Benfica's shares are trading sharply, reacting to the end of the club's takeover bid on SAD. Trading was suspended for two days and the suspension ended today.
The bonds sink 10.74% to 2.50 euros, precisely half of the counterpart of the offer of 5 euros per share that has now fallen to the ground. With this drop, stocks are trading at the lowest level since February 2019.
Benfica asked for an end to the takeover bid and denies that CMVM failed to bid
Benfica SAD indicated this Tuesday that the holding company Benfica SGPS requested the revocation of the partial takeover bid on the Eagles' SAD and that it had been discussing this request with the CMVM two weeks ago, since the announcement of the suspension of the Liga Nos, on March 12 .
In communication sent to the Securities Market Commission (CMVM), it is said that the offer was not “failed” by the supervisor and that SAD will challenge the proposal to reject the offer that was notified by the CMVM, considering that the OPA is in compliance with all applicable legal provisions.
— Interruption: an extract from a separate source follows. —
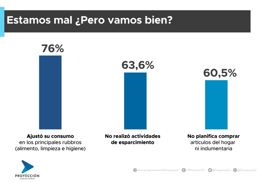 ¿Cuánto tiempo alcanza esa virtud para apagar el deterioro en las condiciones de vida? Proyección midió en julio y reflejó la motosierra familiar forzada en tres indicadores: 63% no gastó en esparcimiento, 60% no piensa comprar ropa ni artículos del hogar y 75% ajustó su gasto en cuestiones básicas como alimentos.

For the revocation request, “the alteration of the circumstances determined by the pandemic (…) and its impacts, direct and indirect” is invoked.
Benfica SGPS underlines that “it will give its opinion at a prior hearing on the project to reject the request for registration of an offer” by the supervisor. This is because “it reiterates the full compliance of the offer with all applicable legal provisions”. This position comes a day after SAD confirmed that it was notified of the CMVM's intention to “fail” the OPA.
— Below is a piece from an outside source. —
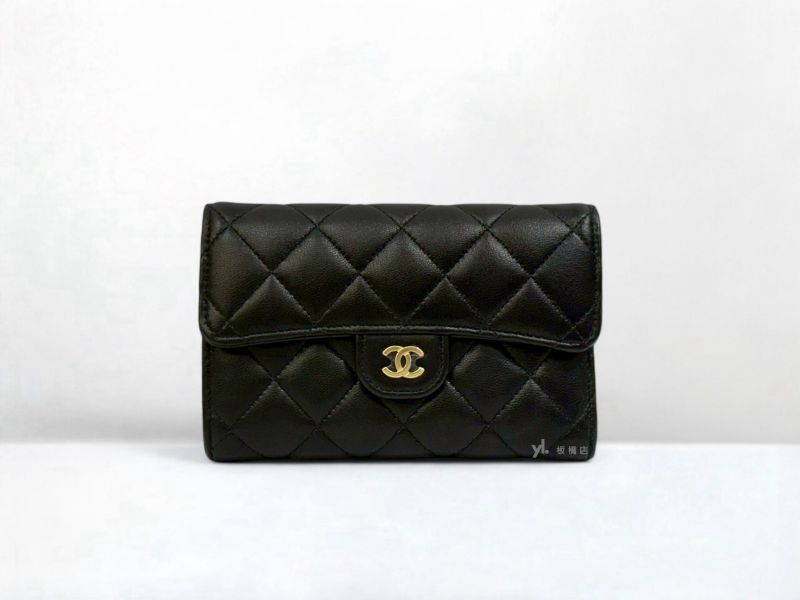 S5067 CHANEL皮夾 黑羊皮金釦三折中夾AP0232 (板橋府中店) A12841 CHANEL皮夾 白色荔枝牛皮淡金釦L拉錢包AP3999 (台北大...

In the statement, it is also stated that SAD's stake in Benfica Estádio was sold to the holding company and that this was communicated to the market. Later, in October, a new contract was signed for the use of the Luz stadium by SAD until June 30, 2041.
It was also agreed to receive the benefit in advance for the use of a total of 61.9 million euros, which corresponds to a 34.5% discount compared to the 94.5 million foreseen.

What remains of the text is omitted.